(TASK STATEMENT)
Leaving out the images, reproduce every line of the data that follows exactly.
Start of MATERIAL PROVIDED
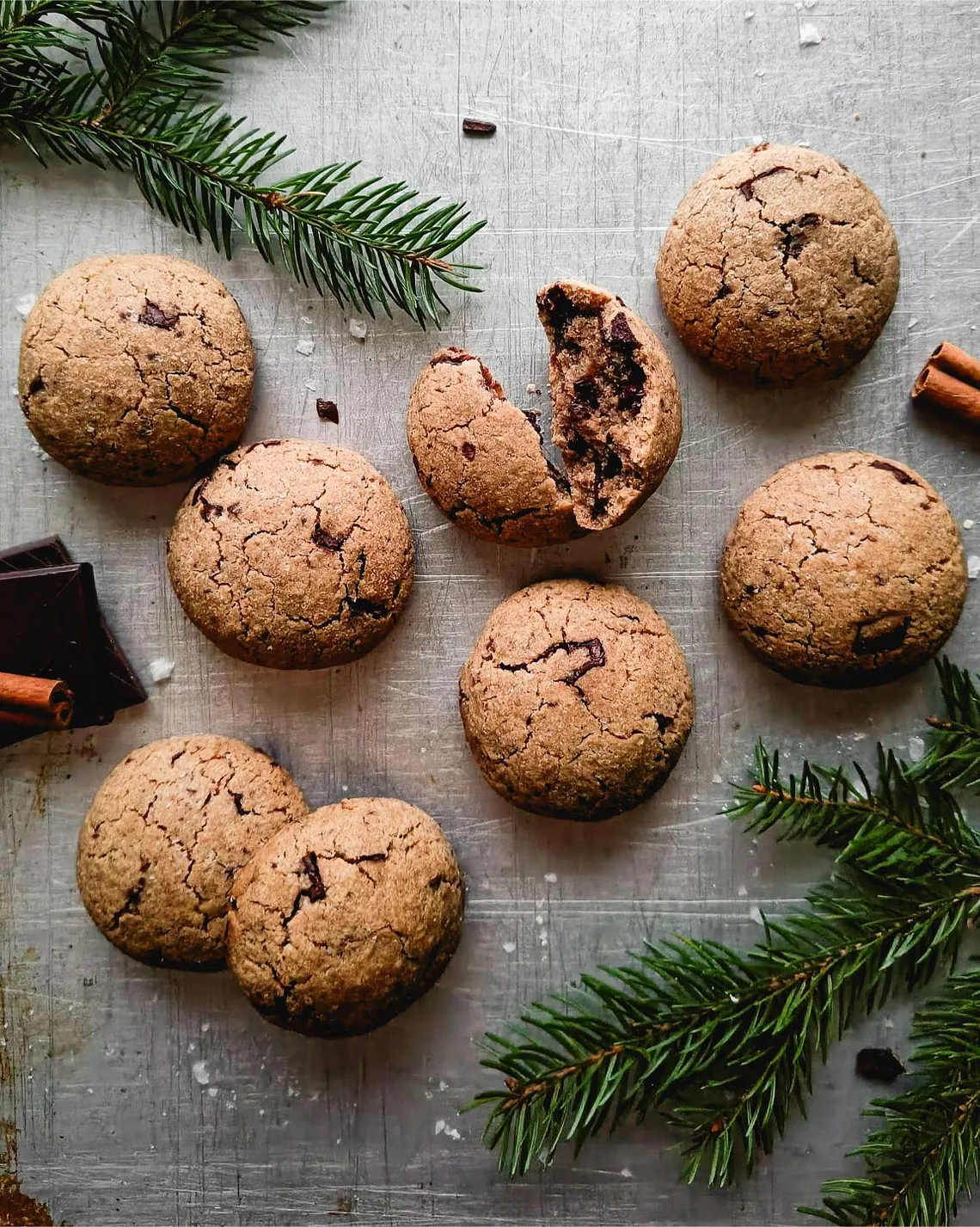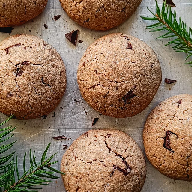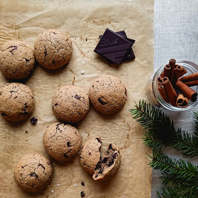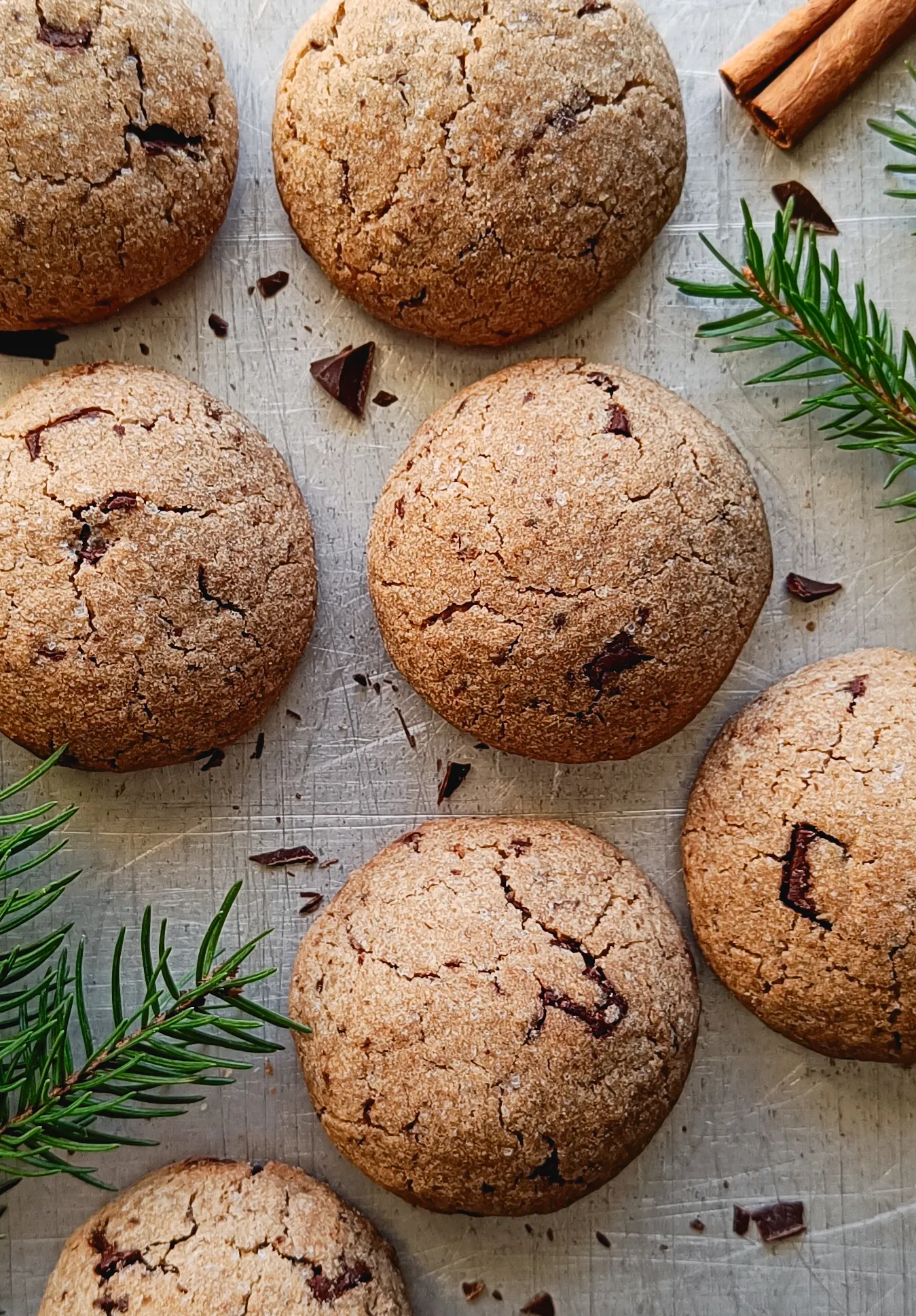 Oppskrift på julecookies med pepperkakekrydder og mørk sjokolade som vil falle i smak hos store og små. Kombinasjonen av varme julekrydder og sjokolade er helt nydelig! Denne oppskriften gir ca. 16 cookies.
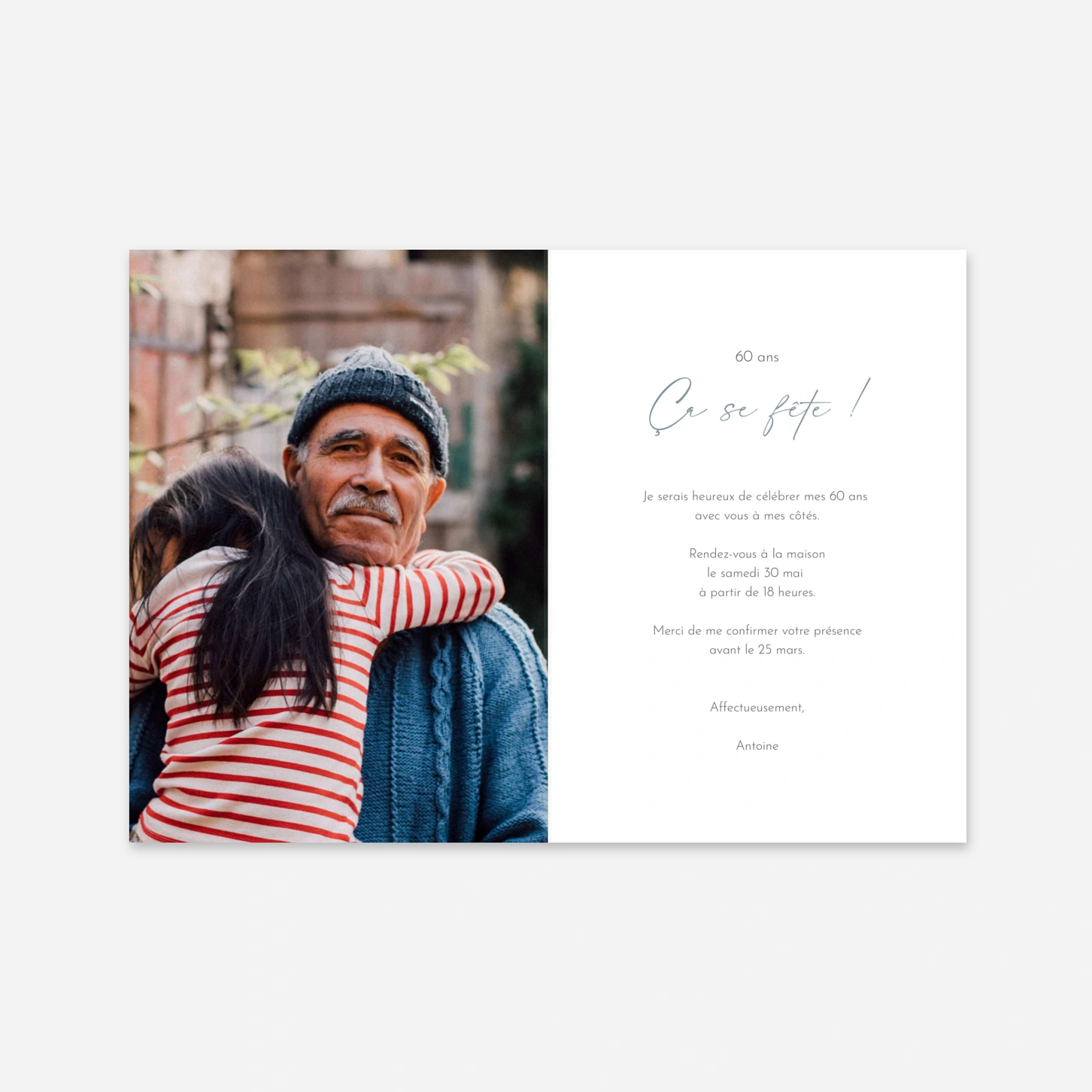 Célébrez ce passage à la nouvelle décennie avec l'invitation d'anniversaire « Éclats de joie », un modèle qui met à l'honneur vos plus beaux souvenirs à travers un élégant montage photo. Son design épuré et sa typographie manuscrite apporteront une touche de modernité et de tendresse à votre annonce. Imaginée au sein de notre atelier, cette création se personnalise facilement avec votre texte pour convier vos proches à une fête inoubliable. Vous profiterez de notre savoir-faire unique et d'une impression haute précision pour un rendu impeccable sur nos papiers premium. Personnalisez votre modèle en ligne dès maintenant pour partager votre bonheur avec votre entourage.
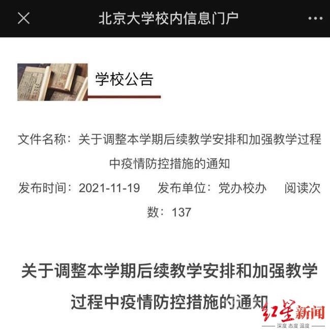如北京大學(xué)日前發(fā)布通知,學(xué)生自2022年1月7日起放寒假;中國(guó)人民大學(xué)明確自2022年1月4日至9日期末考試,自2022年1月10日起,學(xué)生放寒假;北京物資學(xué)院稱,學(xué)生寒假自2022年1月9日開(kāi)始。紅星新聞?dòng)浾咦⒁獾剑鶕?jù)校歷顯示,三所高校原計(jì)劃自2022年1月17日放寒假,放假時(shí)間均比原計(jì)劃提前一周左右。
End of MATERIAL PROVIDED
(ANSWER BOX)
 Oppskrift på julecookies med pepperkakekrydder og mørk sjokolade som vil falle i smak hos store og små. Kombinasjonen av varme julekrydder og sjokolade er helt nydelig! Denne oppskriften gir ca. 16 cookies.
 Célébrez ce passage à la nouvelle décennie avec l'invitation d'anniversaire « Éclats de joie », un modèle qui met à l'honneur vos plus beaux souvenirs à travers un élégant montage photo. Son design épuré et sa typographie manuscrite apporteront une touche de modernité et de tendresse à votre annonce. Imaginée au sein de notre atelier, cette création se personnalise facilement avec votre texte pour convier vos proches à une fête inoubliable. Vous profiterez de notre savoir-faire unique et d'une impression haute précision pour un rendu impeccable sur nos papiers premium. Personnalisez votre modèle en ligne dès maintenant pour partager votre bonheur avec votre entourage.
如北京大學(xué)日前發(fā)布通知,學(xué)生自2022年1月7日起放寒假;中國(guó)人民大學(xué)明確自2022年1月4日至9日期末考試,自2022年1月10日起,學(xué)生放寒假;北京物資學(xué)院稱,學(xué)生寒假自2022年1月9日開(kāi)始。紅星新聞?dòng)浾咦⒁獾剑鶕?jù)校歷顯示,三所高校原計(jì)劃自2022年1月17日放寒假,放假時(shí)間均比原計(jì)劃提前一周左右。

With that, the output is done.